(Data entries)
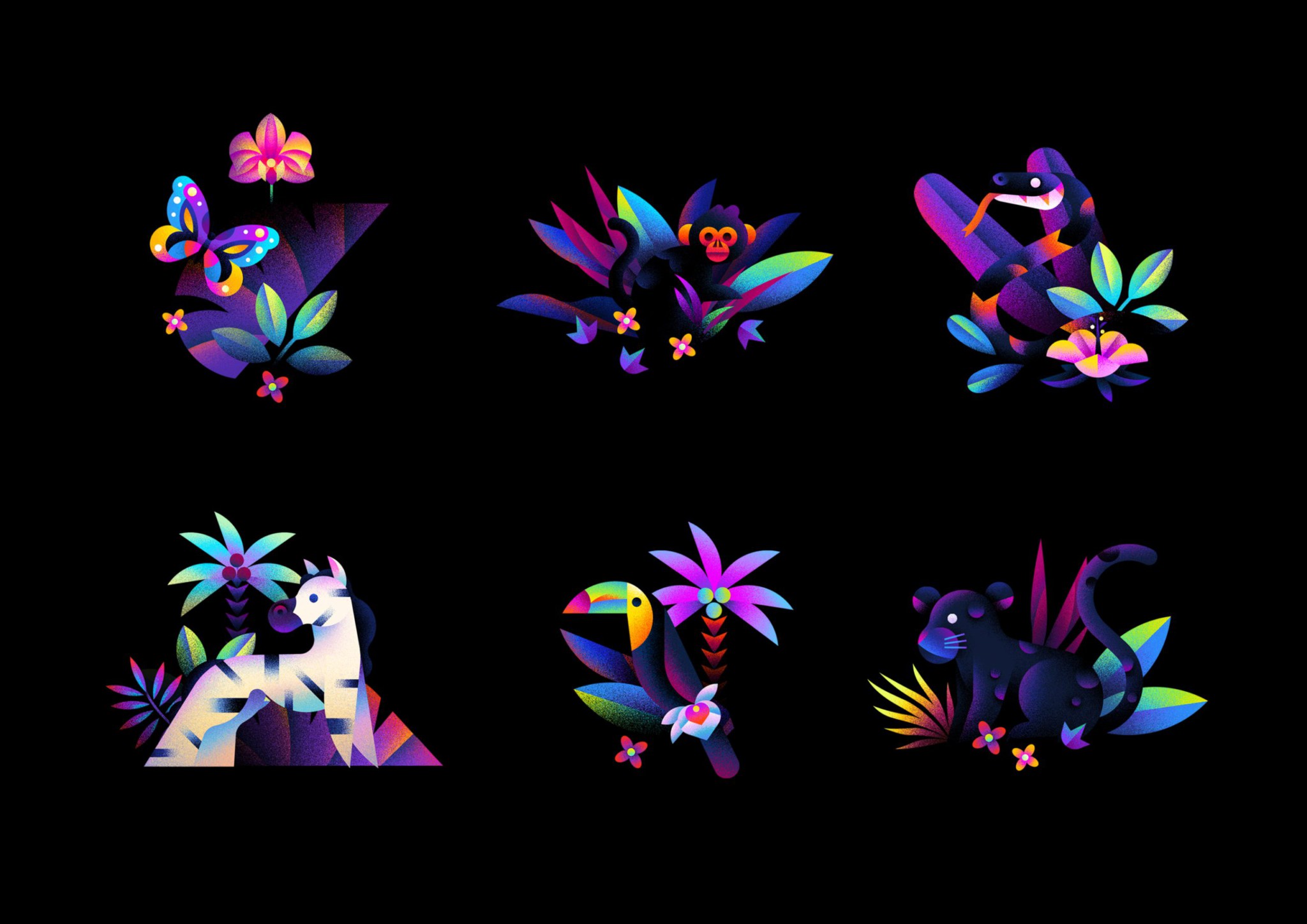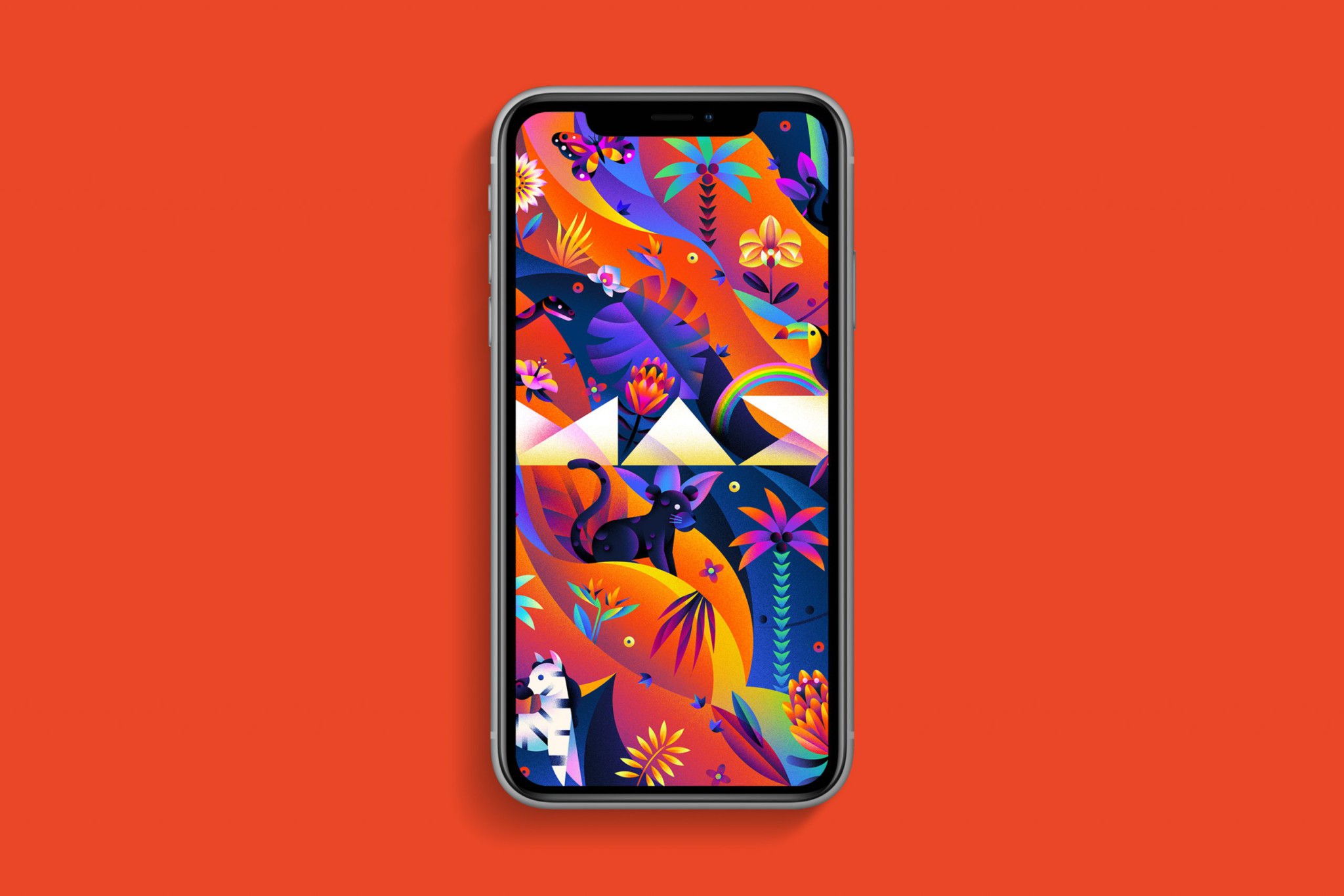 Using Adobe Photoshop, Catherine’s “Neon Jungle” artworks have a dreamlike atmosphere filled with colourful, shy creatures, surrounded by vivid tropical plants! They’re guaranteed to make your phone or tablet feel exotic!
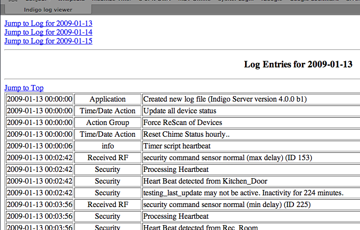 The Indigo Remote Log Viewer is a plugin for the Indigo server that allows you to view the log through any web browser. The only Caveat is that you must, of course, have the Indigo Web Server turned on….
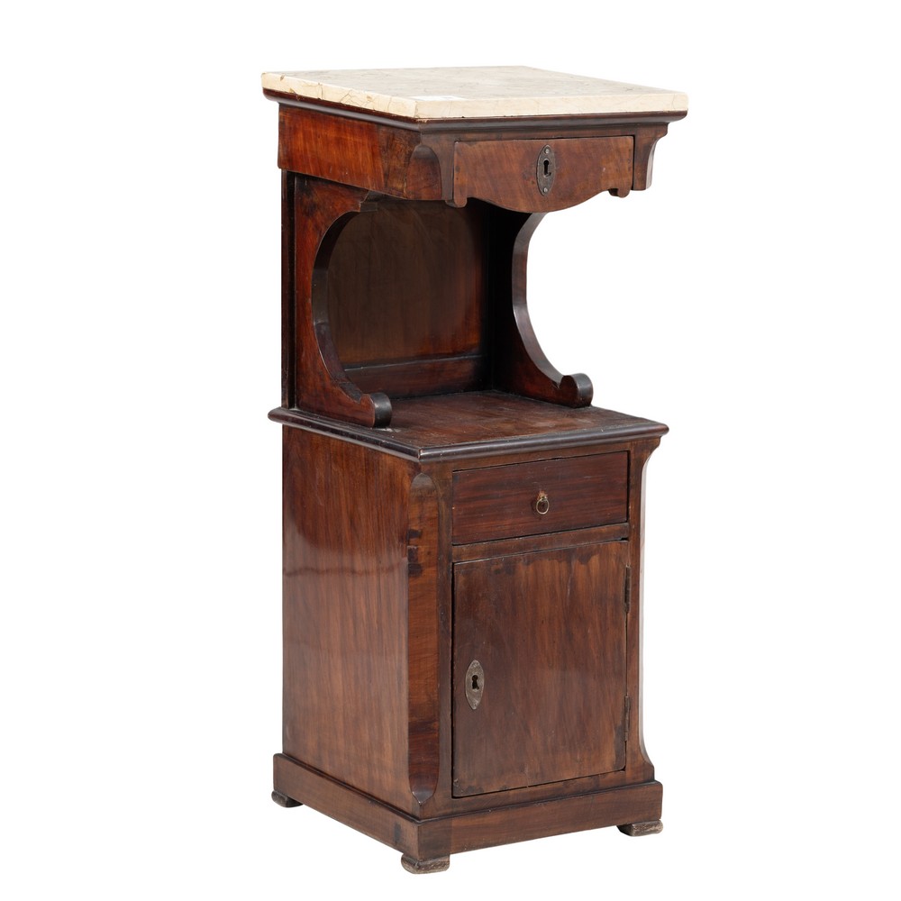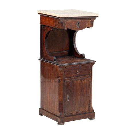 Comodino Luigi Filippo in mogano e piuma di mogano, piano in marmo bianco venato.
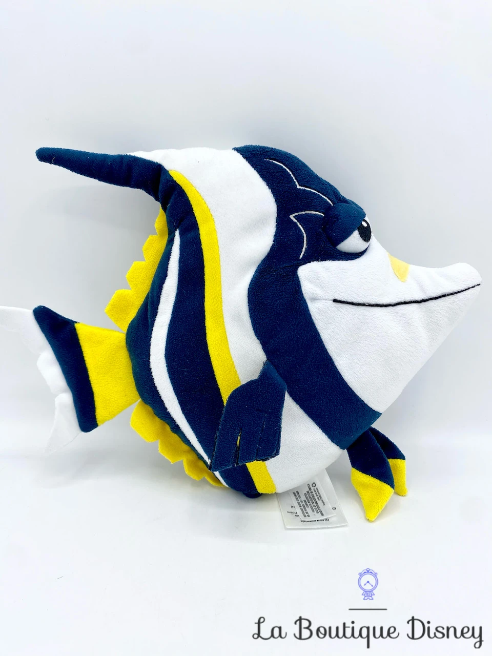 Peluche en ployester de Gill, le chef de l’aquarium du cabinet dentaire. Il est secondé par Boule. Gill est un poisson de la race Zancle cornu ou autrement appelé Idole des Maures. Il a des rayures de couleurs bleues, jaunes et blanches sur tout son corps et ses nageoires. Il a sa cicatrice bien reconnaissable à côté de son oeil. Gill a les yeux noirs et affiche un large sourire. Présence de l’écusson Disney Store Authentic Original sur le bas de la peluche.
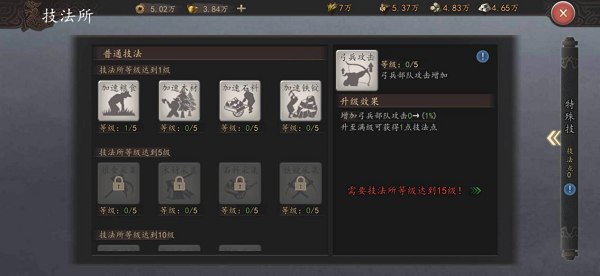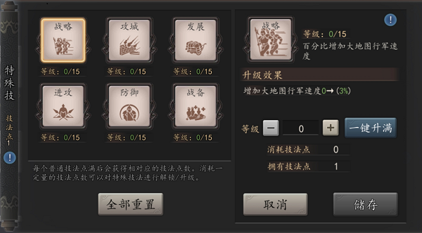 3、“特殊技”主要提升玩家行军战备攻城的相关属性,因技法点数获取相对较难,玩家在升级“特殊技”时需结合目前状况谨慎加点。
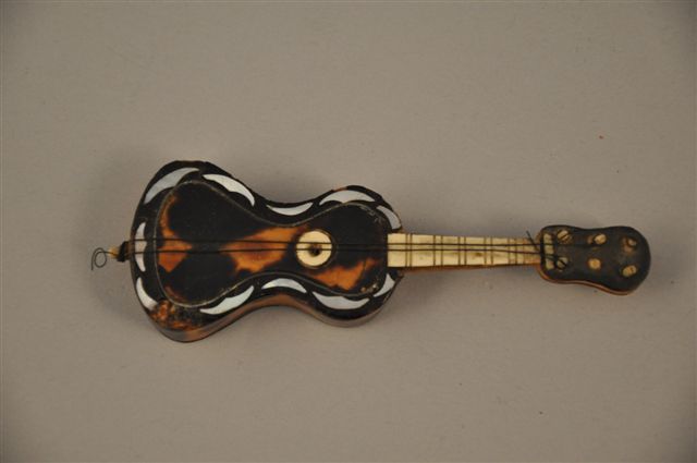 GUITARE miniature en placage d'écaille et ivoire, la table supérieure incrustée de nacre, six clés. XIXème. Haut. 11 cm (accidents et manques)
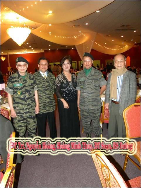 Ở các tiểu bang xa về có: Thiếu Tá Phạm Cang, (Tổng Hội Trưởng), Ðại Tá Tôn Thất Soạn (TQLC - Tiểu Khu Trưởng Tiểu Khu Hậu Nghĩa) v.v. Đây là những anh hùng chiến trận, một thời đổ xương máu trong các trận chiến ghi danh quân sử, nhưng trên quân phục họ mặc hôm nay, không có hàng dọc huy chương gắn xanh đỏ dài dài (như một vài cựu quân nhân Houston – lính ngành - thường mang đầy ngực, trong các sinh hoạt quân đội). Các cấp chỉ huy nổi danh trong nhiều trận đánh để đời của binh chủng TQLC qua lại, chào bàn với nụ cười ấm áp và hiền hoà trong câu chuyện. Chúng tôi ghi nhận có nữ Thiếu Tá Trần Huy Lễ về từ Nam Cali. Bà mặc quân phục trông rất oai phong, là Trưởng Phòng Xã Hội của Sư Ðoàn TQLC, góp nhiều công sức bảo trợ, an ủi các gia đình vợ con, quả phụ của TQLC trong suốt thời gian các chiến binh lao thân ngoài chiến trận và bà đã hết lòng lo lắng cho quả phụ trẻ, khi chồng hy sinh mạng sống nơi chiến trường...

Assignment
Exactly as written, set down each line of the records, leaving out the pictures.

Your response
 Using Adobe Photoshop, Catherine’s “Neon Jungle” artworks have a dreamlike atmosphere filled with colourful, shy creatures, surrounded by vivid tropical plants! They’re guaranteed to make your phone or tablet feel exotic!
 The Indigo Remote Log Viewer is a plugin for the Indigo server that allows you to view the log through any web browser. The only Caveat is that you must, of course, have the Indigo Web Server turned on….
 Comodino Luigi Filippo in mogano e piuma di mogano, piano in marmo bianco venato.
 Peluche en ployester de Gill, le chef de l’aquarium du cabinet dentaire. Il est secondé par Boule. Gill est un poisson de la race Zancle cornu ou autrement appelé Idole des Maures. Il a des rayures de couleurs bleues, jaunes et blanches sur tout son corps et ses nageoires. Il a sa cicatrice bien reconnaissable à côté de son oeil. Gill a les yeux noirs et affiche un large sourire. Présence de l’écusson Disney Store Authentic Original sur le bas de la peluche.
 3、“特殊技”主要提升玩家行军战备攻城的相关属性,因技法点数获取相对较难,玩家在升级“特殊技”时需结合目前状况谨慎加点。
 GUITARE miniature en placage d'écaille et ivoire, la table supérieure incrustée de nacre, six clés. XIXème. Haut. 11 cm (accidents et manques)
 Ở các tiểu bang xa về có: Thiếu Tá Phạm Cang, (Tổng Hội Trưởng), Ðại Tá Tôn Thất Soạn (TQLC - Tiểu Khu Trưởng Tiểu Khu Hậu Nghĩa) v.v. Đây là những anh hùng chiến trận, một thời đổ xương máu trong các trận chiến ghi danh quân sử, nhưng trên quân phục họ mặc hôm nay, không có hàng dọc huy chương gắn xanh đỏ dài dài (như một vài cựu quân nhân Houston – lính ngành - thường mang đầy ngực, trong các sinh hoạt quân đội). Các cấp chỉ huy nổi danh trong nhiều trận đánh để đời của binh chủng TQLC qua lại, chào bàn với nụ cười ấm áp và hiền hoà trong câu chuyện. Chúng tôi ghi nhận có nữ Thiếu Tá Trần Huy Lễ về từ Nam Cali. Bà mặc quân phục trông rất oai phong, là Trưởng Phòng Xã Hội của Sư Ðoàn TQLC, góp nhiều công sức bảo trợ, an ủi các gia đình vợ con, quả phụ của TQLC trong suốt thời gian các chiến binh lao thân ngoài chiến trận và bà đã hết lòng lo lắng cho quả phụ trẻ, khi chồng hy sinh mạng sống nơi chiến trường...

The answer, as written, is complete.